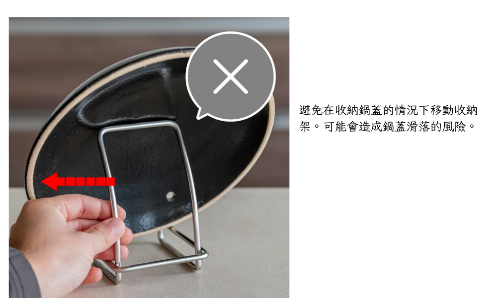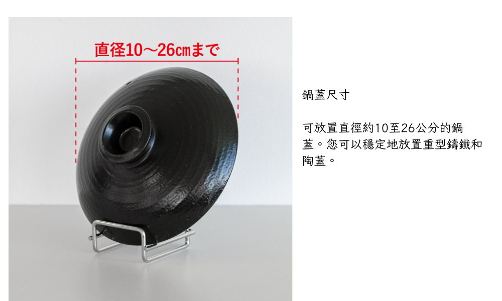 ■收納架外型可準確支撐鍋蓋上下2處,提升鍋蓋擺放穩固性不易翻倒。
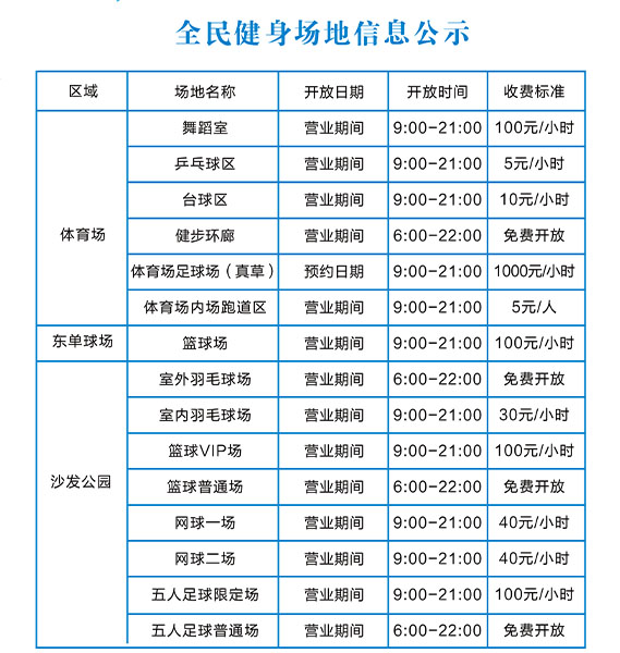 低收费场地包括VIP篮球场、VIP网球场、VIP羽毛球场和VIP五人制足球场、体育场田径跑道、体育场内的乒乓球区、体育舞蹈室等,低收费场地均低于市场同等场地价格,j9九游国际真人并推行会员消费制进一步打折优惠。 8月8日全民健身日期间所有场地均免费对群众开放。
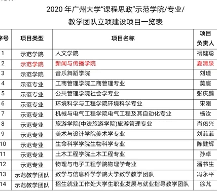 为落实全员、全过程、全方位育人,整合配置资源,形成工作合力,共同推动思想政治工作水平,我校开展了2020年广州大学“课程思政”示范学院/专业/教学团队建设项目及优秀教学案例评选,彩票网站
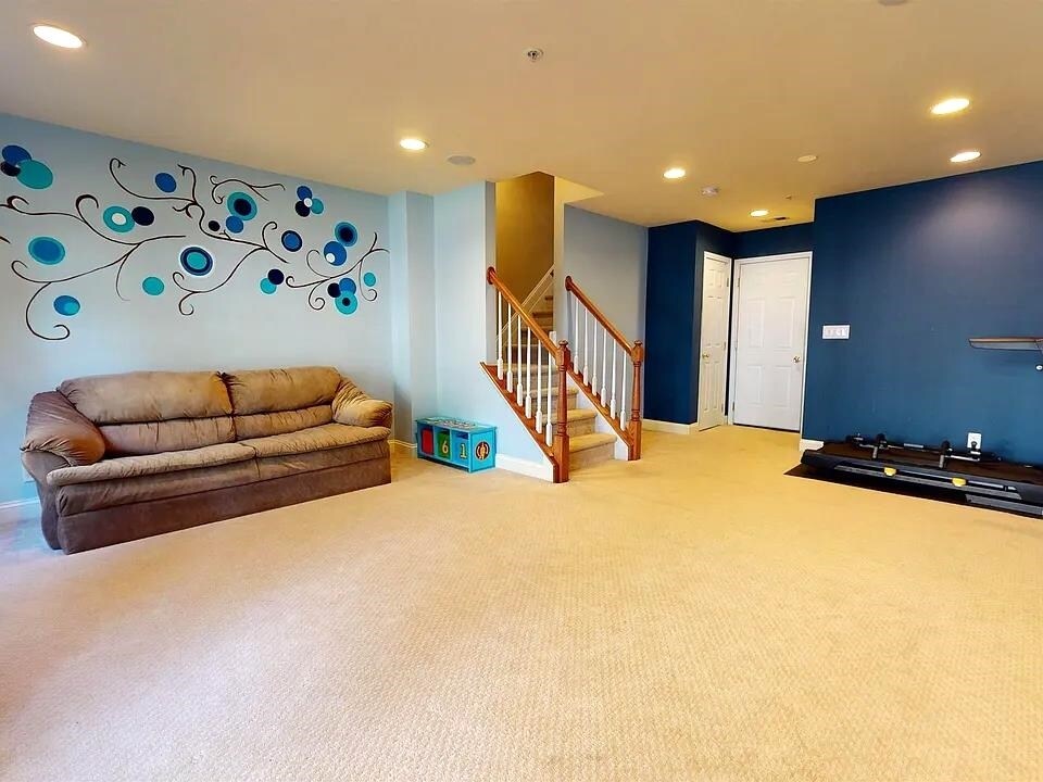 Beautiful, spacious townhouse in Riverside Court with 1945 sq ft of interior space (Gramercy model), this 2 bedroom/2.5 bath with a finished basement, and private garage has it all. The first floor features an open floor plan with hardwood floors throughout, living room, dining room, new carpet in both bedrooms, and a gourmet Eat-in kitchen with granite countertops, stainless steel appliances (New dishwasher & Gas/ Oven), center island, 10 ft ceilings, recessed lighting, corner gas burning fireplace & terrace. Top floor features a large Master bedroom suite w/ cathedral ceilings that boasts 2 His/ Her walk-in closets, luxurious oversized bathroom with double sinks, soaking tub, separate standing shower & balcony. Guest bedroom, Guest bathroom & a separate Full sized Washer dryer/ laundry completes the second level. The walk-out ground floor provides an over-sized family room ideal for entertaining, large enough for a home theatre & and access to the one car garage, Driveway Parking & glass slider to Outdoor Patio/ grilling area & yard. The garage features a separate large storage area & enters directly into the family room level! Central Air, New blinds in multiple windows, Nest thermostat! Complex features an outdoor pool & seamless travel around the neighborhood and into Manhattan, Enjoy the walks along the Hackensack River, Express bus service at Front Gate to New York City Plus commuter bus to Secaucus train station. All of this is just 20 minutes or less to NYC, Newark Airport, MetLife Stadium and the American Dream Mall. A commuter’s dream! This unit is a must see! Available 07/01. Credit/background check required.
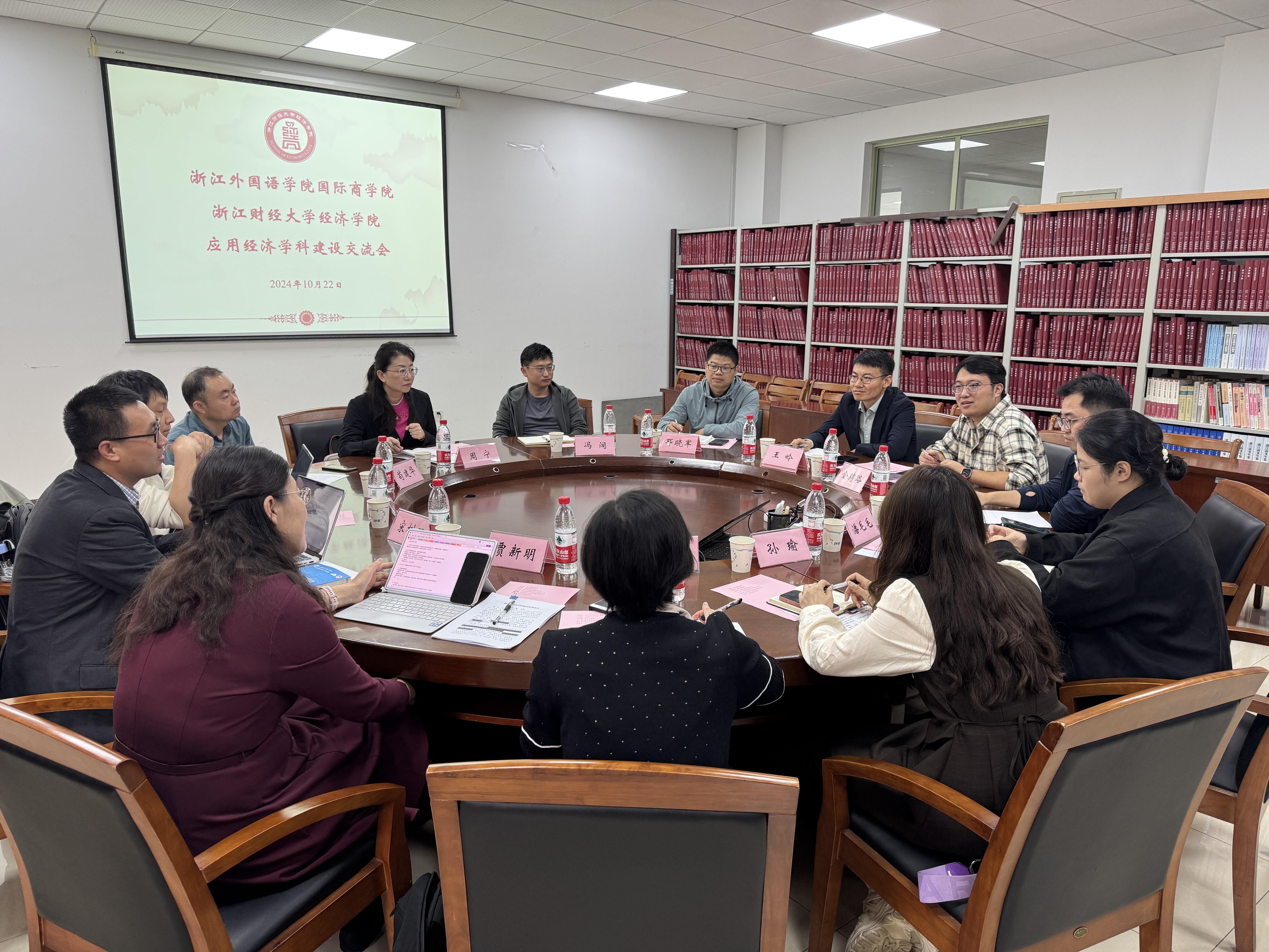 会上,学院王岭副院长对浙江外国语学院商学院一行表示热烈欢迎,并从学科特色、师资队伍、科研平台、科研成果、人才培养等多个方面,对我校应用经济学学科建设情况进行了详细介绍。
※ ※ ※
• _Work item_
Verbatim copy, pictures excluded: output the lines from the first line of the records above through the line containing "为落实全员、全过程、全方位育".

• _Written response_
 ■收納架外型可準確支撐鍋蓋上下2處,提升鍋蓋擺放穩固性不易翻倒。
 低收费场地包括VIP篮球场、VIP网球场、VIP羽毛球场和VIP五人制足球场、体育场田径跑道、体育场内的乒乓球区、体育舞蹈室等,低收费场地均低于市场同等场地价格,j9九游国际真人并推行会员消费制进一步打折优惠。 8月8日全民健身日期间所有场地均免费对群众开放。
 为落实全员、全过程、全方位育人,整合配置资源,形成工作合力,共同推动思想政治工作水平,我校开展了2020年广州大学“课程思政”示范学院/专业/教学团队建设项目及优秀教学案例评选,彩票网站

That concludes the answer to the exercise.